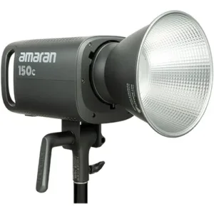 A powerful point-source light that combines RGBWW full-color control and Bowens mount versatility, the gray 150c RGB LED Monolight from amaran is a variable color temperature light fixture ideal for filmmakers, photographers, and creators. You get modifiability for magnified or diffused output and full-color control throughout its expanded 2500 to 7500K CCT range. Featuring highly accurate color reproduction, the 150c also ensures high-quality light output with up to 15,610 lux at 3.3′ using its included reflector. The 150c provides nine built-in special effects for paparazzi, fireworks, lightning, faulty bulb, TV, pulsing, strobe, explosion, and fire. You can find the right level of illumination for your scene with 0 to 100% stepless dimming.
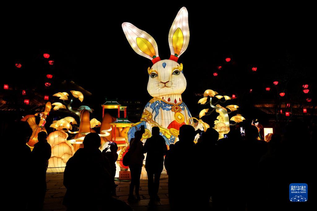 1月30日,在山东省枣庄市台儿庄古城,游人在欣赏以“兔”元素为主题的花灯。 元宵佳节将至,各地开展猜灯谜、赏花灯、社火表演等活动,热热闹闹迎接元宵节。 新华社发(孙中喆摄)
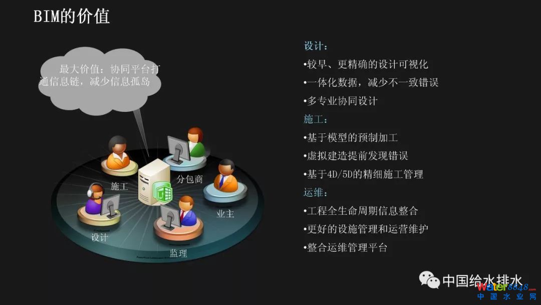 前面提到,對(duì)于智慧水務(wù)來(lái)說(shuō),是要消除“孤島應(yīng)用”。BIM的最大價(jià)值也在于通過(guò)信息技術(shù),把業(yè)主、設(shè)計(jì)、施工、監(jiān)理、分包商等整合到一個(gè)協(xié)同平臺(tái)上來(lái),降低信息不暢帶來(lái)的額外支出和成本,減少信息孤島。
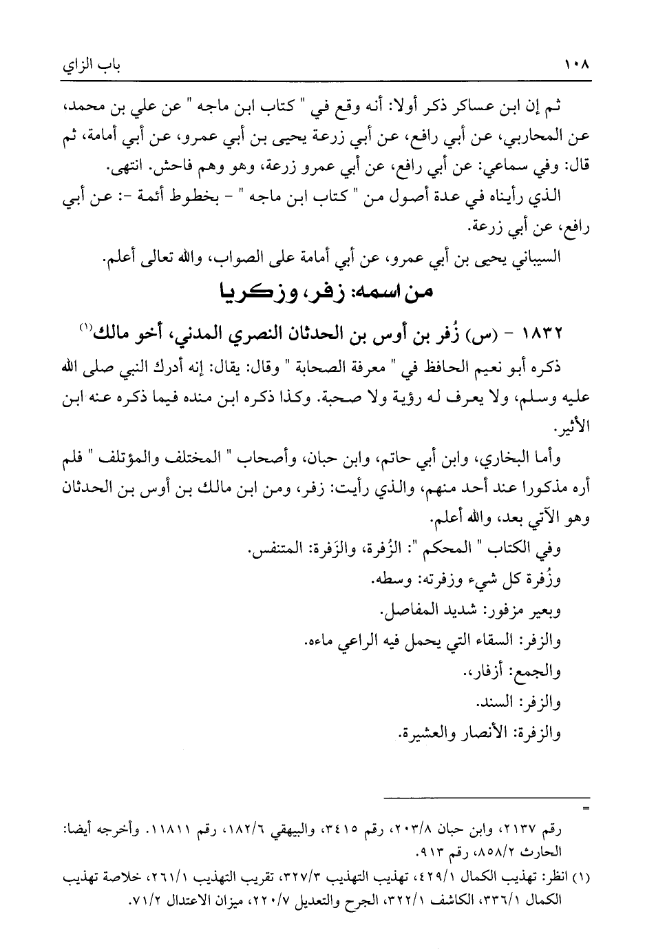 وأما البخاري، وابن أبي حاتم، وابن حبان، وأصحاب "المختلف والمؤتلف" فلم أره مذكورا عند أحد منهم، والذي رأيت: زفر، ومن ابن مالك بن أوس بن الحدثان وهو الآتي بعد، واللَّه أعلم.
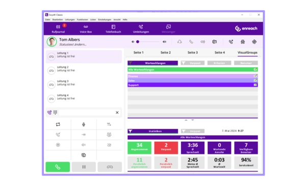 Fügen Sie Ihrer Swyx Lösung ein effizientes Warteschlangenmanagement hinzu. Eingehende Telefonate können so zuverlässig angenommen und in ausgewählten Gruppen von Mitarbeitern bearbeitet werden, so dass Wartezeiten für Ihre Kunden auch in Spitzenzeiten oder bei personellen Engpässen minimiert werden. Die Zustellung der Gespräche erfolgt nach individuell festgelegten Regeln. Das integrierte Dashboard gibt Ihnen jederzeit einen Überblick über alle Warteschlangen inklusive Anzeige der persönlichen Statistiken und Performance der gesamten Gruppe, Anzahl der Anrufe, die durchschnittliche Wartezeit der Anrufer und mehr.
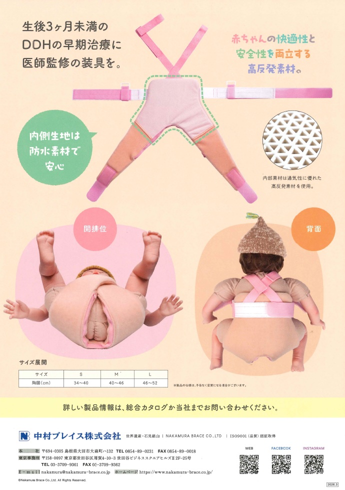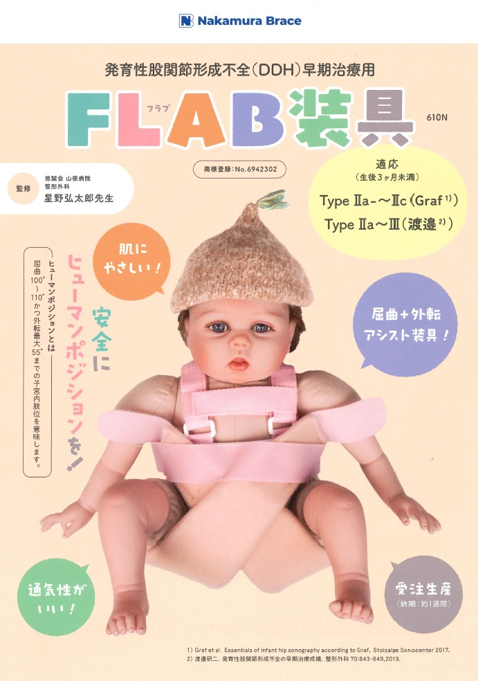 | 製品「FLAB装具」(監修:星野弘太郎) 赤ちゃんの股関節脱臼の治療装具です。Graf先生が使用している実物を後藤昌子先生から私が譲り受け、忠実に採型して作製しています。素材は通気性の良いものに変えましたが、赤ちゃんの肌に触れる表面はファブリクにするようGraf先生から厳守するように指示を受けております。尿で汚れるため、裏地を防水の生地で裏打ちして、中身が汚染しないように工夫されています。 この装具の適応は生後3ヵ月未満で、Graf先生はGraf分類タイプIIa-~IIc(骨化が未熟~脱臼寸前のもの)、渡邉研二先生はタイプIIa~III(骨化が未熟~完全脱臼)としています。高位脱臼には適応がありません。 股関節が完全脱臼している場合には通常リーメンビューゲル(Pavlik harness)で治療しますが、股関節を開きすぎると大腿骨頭軟骨を障害することが約10%あります(骨頭壊死)。小児整形外科医はこれを非常に恐れています。ですので、完全に脱臼していない場合には気軽には装着できません。タイプIIc(脱臼寸前)やタイプD(脱臼直後)において、この装具は非常に良い適応です。おしりを包み込む形状なので、股関節の開きすぎ(骨頭壊死の原因)を予防できます。3サイズありますので、在庫をそろえておけば、エコー診断したその場で治療が開始できます。ちなみにパテントは放棄しております。 |

☆ ☆ ☆ ☆

- [Required action]: Above, find the line with "前面提到,對(duì)于智慧"; copy it and every line down to the line with "Fügen Sie Ihrer", exactly and both included, but no pictures.

- [Task solution]:
 前面提到,對(duì)于智慧水務(wù)來(lái)說(shuō),是要消除“孤島應(yīng)用”。BIM的最大價(jià)值也在于通過(guò)信息技術(shù),把業(yè)主、設(shè)計(jì)、施工、監(jiān)理、分包商等整合到一個(gè)協(xié)同平臺(tái)上來(lái),降低信息不暢帶來(lái)的額外支出和成本,減少信息孤島。
 وأما البخاري، وابن أبي حاتم، وابن حبان، وأصحاب "المختلف والمؤتلف" فلم أره مذكورا عند أحد منهم، والذي رأيت: زفر، ومن ابن مالك بن أوس بن الحدثان وهو الآتي بعد، واللَّه أعلم.
 Fügen Sie Ihrer Swyx Lösung ein effizientes Warteschlangenmanagement hinzu. Eingehende Telefonate können so zuverlässig angenommen und in ausgewählten Gruppen von Mitarbeitern bearbeitet werden, so dass Wartezeiten für Ihre Kunden auch in Spitzenzeiten oder bei personellen Engpässen minimiert werden. Die Zustellung der Gespräche erfolgt nach individuell festgelegten Regeln. Das integrierte Dashboard gibt Ihnen jederzeit einen Überblick über alle Warteschlangen inklusive Anzeige der persönlichen Statistiken und Performance der gesamten Gruppe, Anzahl der Anrufe, die durchschnittliche Wartezeit der Anrufer und mehr.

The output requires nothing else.